9. Mas o homem foi remido pela graça de Cristo, Filho de Deus encarnado. Pela graça de Cristo! Estas mesmas palavras devem ser convenientemente recordadas quando se trata dos direitos e dos deveres do homem. Se os mistérios da criação e do pecado fazem parte do ordenamento da comunidade dos homens e da economia dos direitos e dos deveres, tanto mais isto vale a respeito da graça pascal de Cristo.

Também nesta matéria o Concílio Vaticano II deve ser observado como diligência. Recordai estas palavras que se referem a Cristo, o Homem Novo (Gaudium et spes, n. 22):

"O mistério do homem só se torna claro verdadeiramente no mistério do Verbo encarnado" (par. 1). "O Filho de Deus uniu-Se de algum modo a todo o homem" (par. 2). "Feito conforme à imagem do Filho que é o Primogénito entre muitos irmãos, o homem cristão recebe as primícias do Espírito, que o tornam capaz de cumprir a nova lei do amor" (par. 4). "Isto vale não só para os cristãos, mas também para todos os homens de boa vontade em cujos corações a graça opera de modo invisível" (par. 5).
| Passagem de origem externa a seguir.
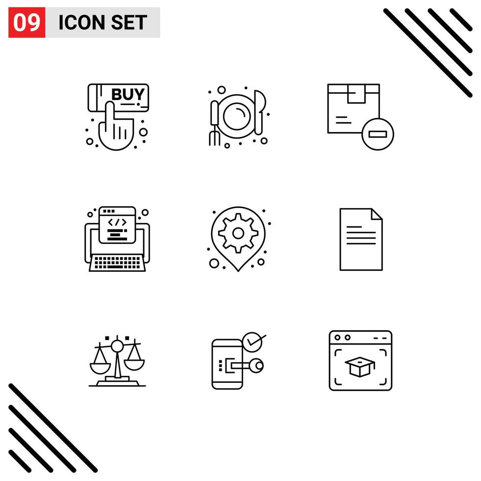 paquete de iconos de vector de stock de 9 signos y símbolos de línea para gps web eliminar código de programa elementos de diseño de vector editables
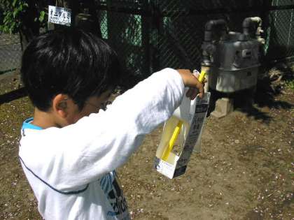 4年生はヘチマを育てています。一人一人が気温をはかり、植物の成長との関係を記録していきます。(4月28日)
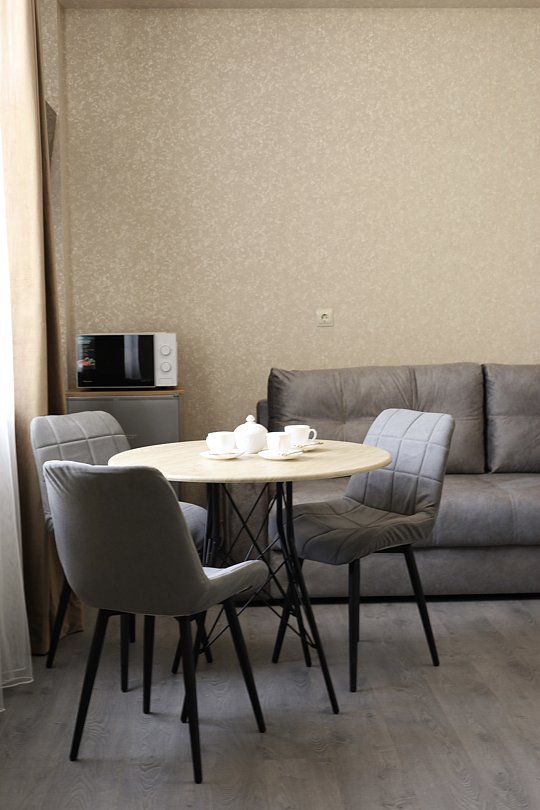Просторный однокомнатный номер площадью 25 м² подойдёт для комфортного отдыха вдвоем.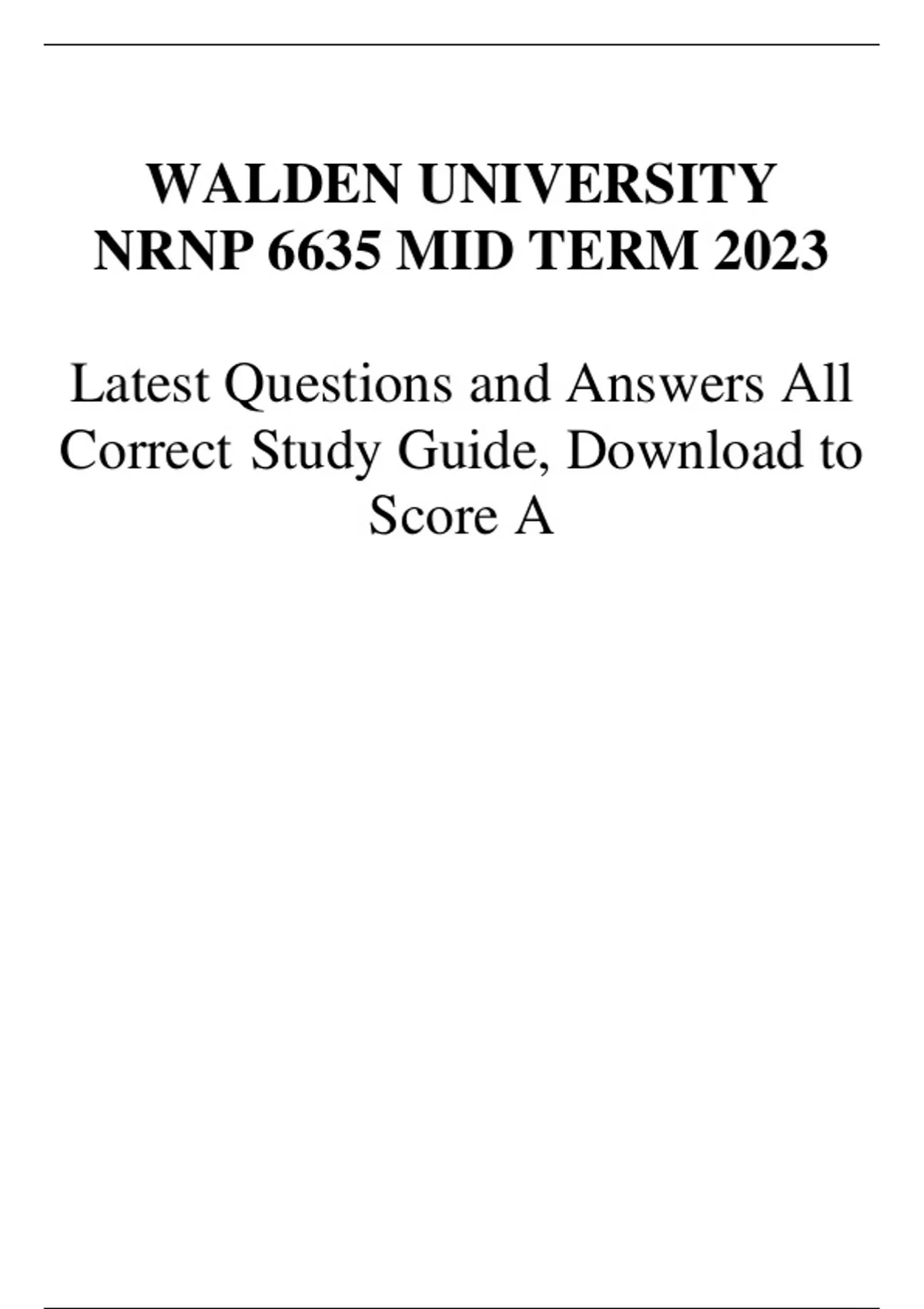 WALDEN UNIVERSITY NRNP 6635 MID TERM 2023 Latest Questions and Answers All Correct Study Guide, Download to Score A Latest Verified Review 2023 Practice Questions and Answers for Exam Preparation, 100% Correct with Explanations, Highly Recommended, Downlo

A alguns parecerá grandemente admirável esta conexão entre os direitos do homem e o amor da lei nova. Infelizmente, por causa de muitos erros, negligências e erróneas opiniões sociológicas, também classificadas com nome cristão, a palavra amor pode estar destituída do seu significado humano.

Com efeito, a caridade cristã foi oposta à justiça social, que oferece o fundamento aos direitos da pessoa humana. E se de facto caridade significa só impulso do coração, ou auxilio prestado por mera benevolência, ela não pode harmonizar-se com os direitos humanos. Mas esta interpretação significa deformar o amor de Cristo Redentor.

Cristo não tem afáveis palavras de consolação, mas dá testemunho com a sua vida e pede que os seus discípulos estejam dispostos ao pleno dom de si mesmos. Nisto se encontra o verdadeiro sentido daquele "em favor da vida" cristã, o qual muitas vezes foi proposto pela vossa Comissão como síntese da Redenção e da vida cristã.

Se de novo descobrimos o genuíno sentido da caridade "em favor daquele que vive", os direitos humanos podem e devem ser incluídos nela quase como o mesmo sacrifício pascal de Cristo.

Os direitos dos homens à vida familiar, o direito à vida e aos próprios bens já eram ensinados no Antigo Testamento como preceitos do decálogo: "não cometerás adultério, não matarás", e outros. O apóstolo Paulo engloba estes e todos os outros preceitos na caridade pascal cristã: "O amor não prejudica ao próximo. O amor é o pleno cumprimento da Lei" (Rom. 13, 10).

Ao concluir estas breves considerações feitas convosco, exorto a Comissão Teológica Internacional a investigar e difundir cada vez mais as razões humanocêntricas e Cristocêntricas dos direitos do homem. Em todas as épocas viva é a luta entre o pecado e o amor autêntico, tanto na doutrina como na vida. Sede, pois, as testemunhas do Amor de Cristo "em favor daquele que vive".

Ao saudar-vos, promentendo as minhas preces para as vossas deliberações produzam os mais abundantes frutos, vos seja penhor das luzes e forças divinas a Bênção Apostólica.